I just began my preparation by starting off with Manahattan GMAT "The Number Properties Book", in it he did explain the concept of a prime box.As it states, a box that contains all the prime factors of any number is a prime box. It helps us to find out whether a giver no is a factor of another no or not.Okie, I have a doubt here, I understood what a prime box was and how to make a prime box for a specific number. But I have this new, using primebox is the only way to solve problems related to this stuff? or can we do it by any general procedure?..I thereby request any one explain me about the alternative procedure, if available...

The question was
If 80 is a factor of r,is 15 a factor of r?

regards
SVA

Prime factorization is the best method I know for these types of problem and I strongly recommend everyone to get acquainted with it.

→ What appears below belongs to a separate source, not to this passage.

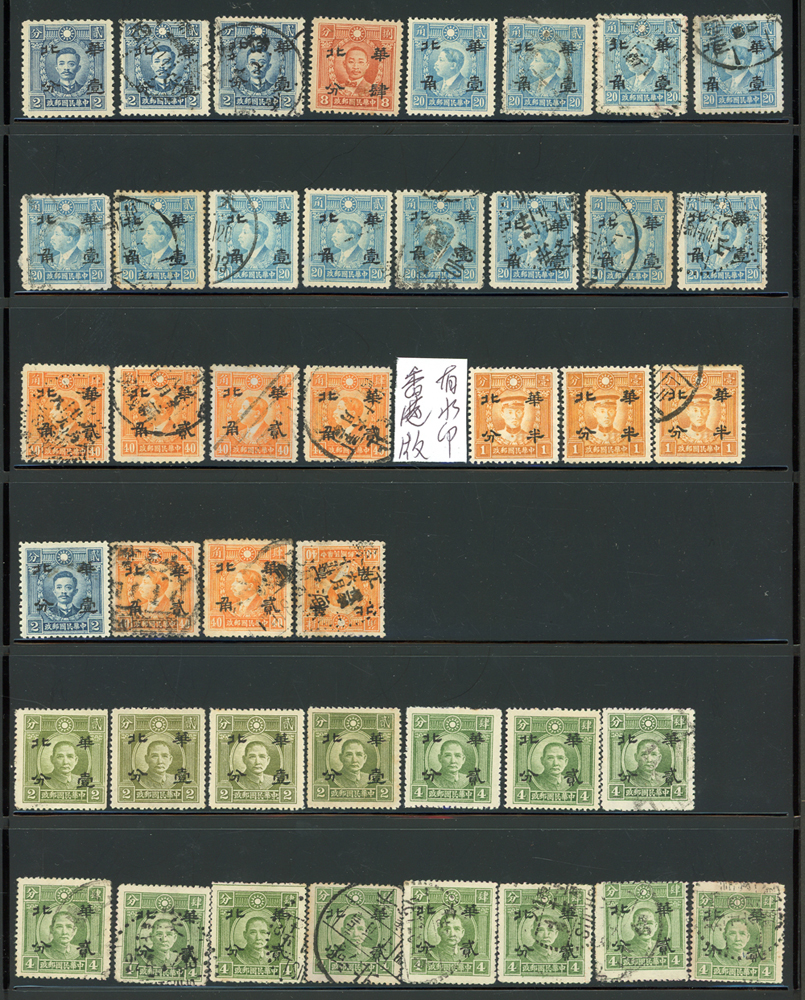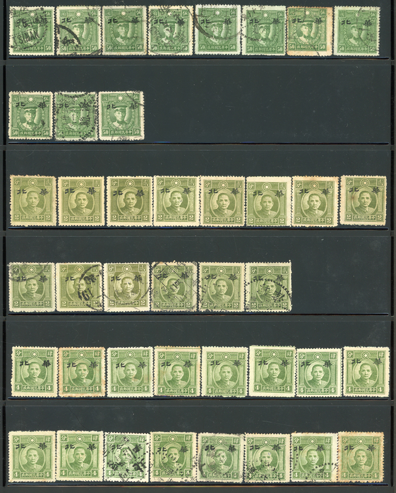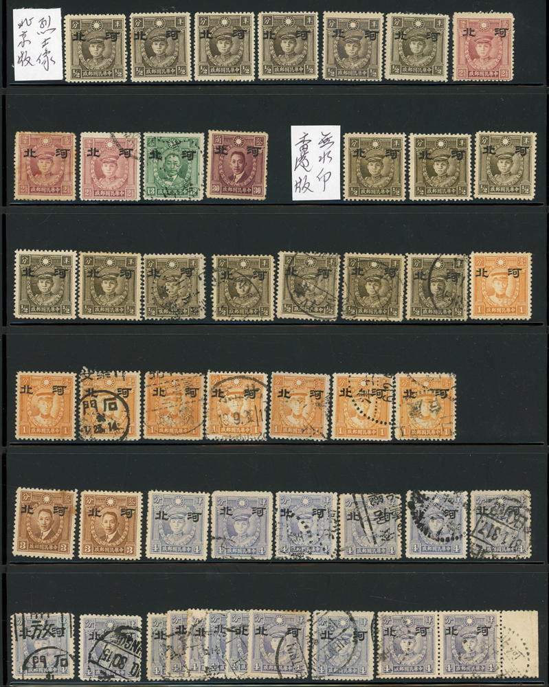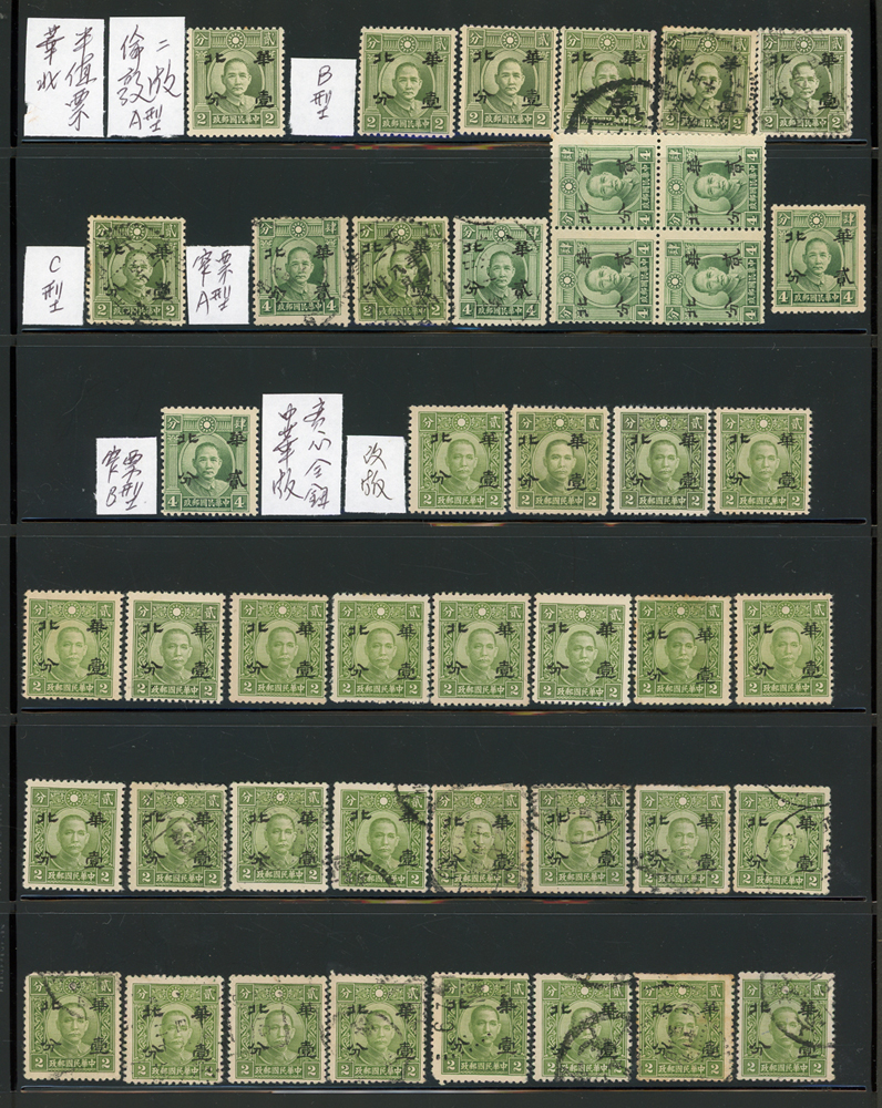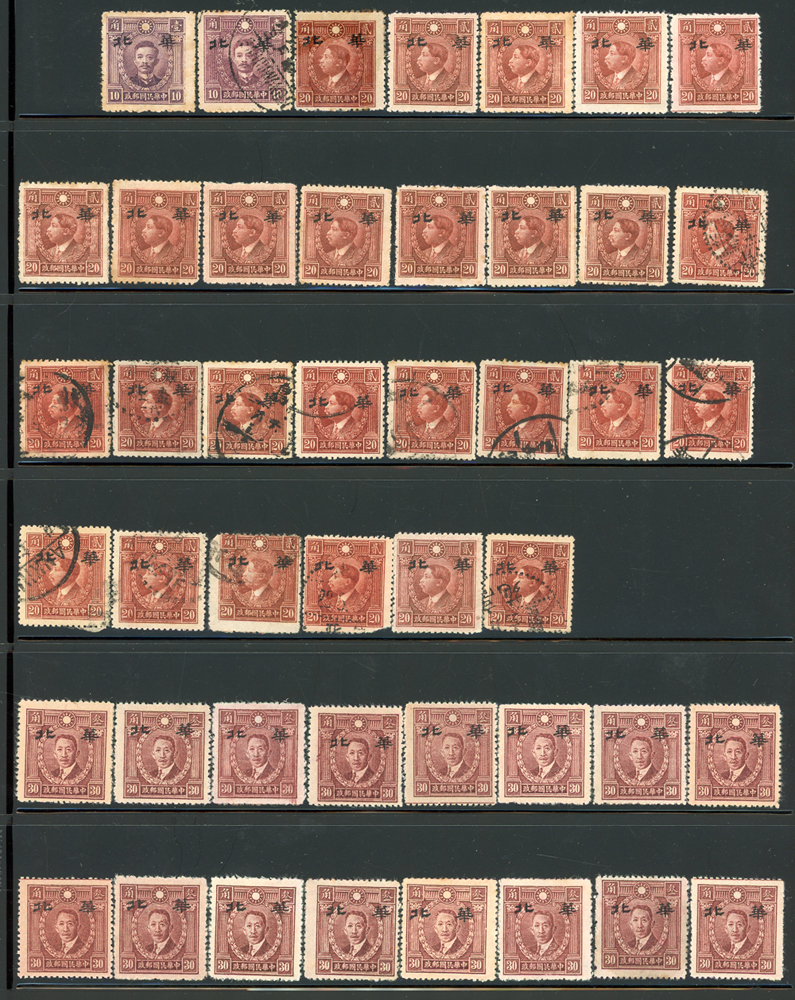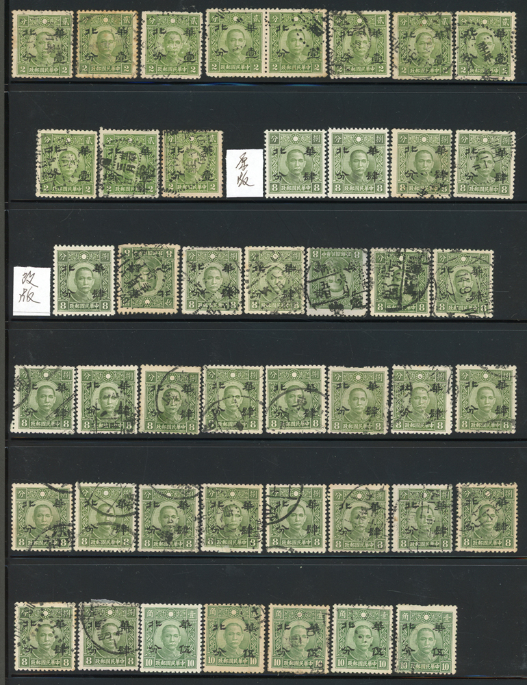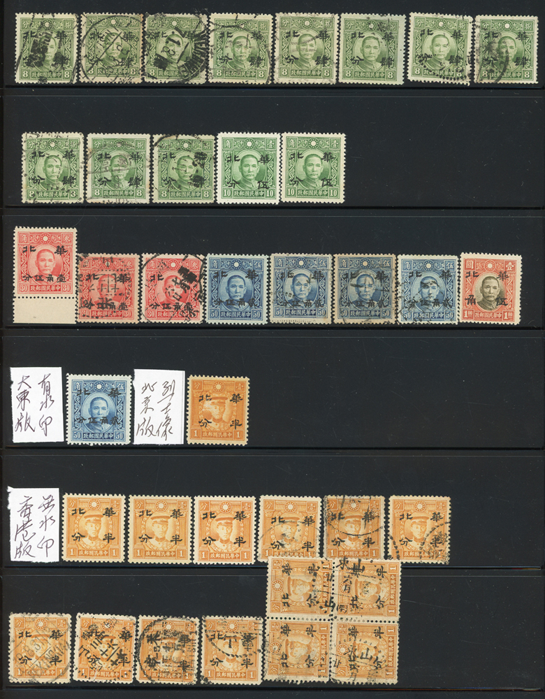 淪陷區郵票新.舊混和一組共1558枚,整理整齊於黑卡中,包括:新票715枚.舊票843枚,含:華北六區加蓋票-河北.山西.山東.河南,蒙疆大.小字,蒙疆加蓋半值票,仿版加蓋蒙疆,蒙疆加蓋改值,加蓋華北,新嘉坡陷落-河北.河南.山東.山西等等,品像混合或有重複,VF-F,歡迎至官網瀏覽全貌(Page 19)

For 15 to be a factor of r; r should contain at least as many factors as 15 has.

15=3*5
r must contain at least one 3 and one 5 as its factor to be a qualified multiple of 15.

80=2*2*2*2*5
This tells us that r contains at least four 2's and one 5 as its factors. But, we need just one 2 and one 3. We have one 2 but we don't know whether r contains 3. It may or may not contain 3. Thus, we won't know whether r is a multiple of 15 OR 15 is a factor of r.

e.g.
r=80=2*2*2*2*5. Not divisible by 15(No 3 in 80)
r=160=2*2*2*2*5. Not divisible by 15(No 3 in 160)
r=240=2*2*2*2*5*3. Divisible by 15(as now we have one 2 and one 3 in 240)
r=320=2*2*2*2*5*2*2. Not Divisible by 15(No 3 in 320)
r=400=2*2*2*2*5*5. Not Divisible by 15(No 3 in 400)
r=480=2*2*2*2*5*2*3. Divisible by 15(as now we have one 2 and one 3 in 480)

Conclusion:
In order for r to be a multiple 15, r should be a multiple of 3 as well in addition to be a multiple of 80.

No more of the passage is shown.